Greetings All,
As with many *coincidences* in the universe, the recent discussions regarding 
the quaudio mic were informative and timely. From what I gathered, there are 
certain mic techniques and algorithms that are better suited for the recording 
of STATIONARY sound sources than for MOVING sources. This, then, made me 
realize that recording moving sound sources is no trivial task; particularly 
when it comes to the reconstruction of an auditory event.

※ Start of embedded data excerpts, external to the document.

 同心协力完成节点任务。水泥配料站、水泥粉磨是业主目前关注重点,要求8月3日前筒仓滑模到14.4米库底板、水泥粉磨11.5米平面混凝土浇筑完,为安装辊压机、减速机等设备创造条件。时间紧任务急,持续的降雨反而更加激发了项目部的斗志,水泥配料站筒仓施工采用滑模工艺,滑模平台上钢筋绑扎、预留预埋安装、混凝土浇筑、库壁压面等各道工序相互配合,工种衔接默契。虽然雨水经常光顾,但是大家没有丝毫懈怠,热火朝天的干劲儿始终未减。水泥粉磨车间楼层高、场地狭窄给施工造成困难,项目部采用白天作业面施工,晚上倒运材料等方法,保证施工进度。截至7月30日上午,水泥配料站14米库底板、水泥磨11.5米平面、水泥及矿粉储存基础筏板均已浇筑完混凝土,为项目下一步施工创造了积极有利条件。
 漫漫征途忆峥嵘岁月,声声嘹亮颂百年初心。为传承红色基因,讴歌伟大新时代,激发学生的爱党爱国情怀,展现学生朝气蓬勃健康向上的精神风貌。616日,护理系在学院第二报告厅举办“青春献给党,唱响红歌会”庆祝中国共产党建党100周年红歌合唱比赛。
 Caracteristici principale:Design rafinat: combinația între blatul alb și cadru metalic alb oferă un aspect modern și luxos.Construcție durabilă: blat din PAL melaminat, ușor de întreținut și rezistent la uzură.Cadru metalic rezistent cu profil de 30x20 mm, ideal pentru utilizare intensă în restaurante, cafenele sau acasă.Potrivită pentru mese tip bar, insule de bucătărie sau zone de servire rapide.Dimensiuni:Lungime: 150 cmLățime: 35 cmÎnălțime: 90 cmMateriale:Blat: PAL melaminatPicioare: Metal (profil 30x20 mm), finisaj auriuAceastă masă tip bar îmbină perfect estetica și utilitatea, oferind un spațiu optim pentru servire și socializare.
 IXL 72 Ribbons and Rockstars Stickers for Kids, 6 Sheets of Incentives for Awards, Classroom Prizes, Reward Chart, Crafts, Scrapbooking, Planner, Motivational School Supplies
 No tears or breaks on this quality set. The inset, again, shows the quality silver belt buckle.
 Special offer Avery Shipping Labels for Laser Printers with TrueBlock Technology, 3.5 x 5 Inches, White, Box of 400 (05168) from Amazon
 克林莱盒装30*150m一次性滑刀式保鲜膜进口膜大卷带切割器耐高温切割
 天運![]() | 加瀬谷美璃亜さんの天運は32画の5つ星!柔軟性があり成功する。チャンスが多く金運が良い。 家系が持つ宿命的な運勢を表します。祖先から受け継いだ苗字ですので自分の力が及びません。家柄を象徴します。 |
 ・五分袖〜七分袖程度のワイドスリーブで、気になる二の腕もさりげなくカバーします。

I have the idea that certain sounds can be separated from noise by not only 
their spectral characteristics and spatial location, but also by their 
perceived motion. I’m not referring to judging the distance of the moving 
object, or its direction of travel. An analogy to vision would be camouflage: 
Despite relatively poor vision, I often detect wee critters such as lizards, 
toads, and insects because of their motion. There’s no way I could otherwise 
see them against a backdrop of similarly colored terrain. The first step 
towards identifying the critter is realizing that it’s there to begin with.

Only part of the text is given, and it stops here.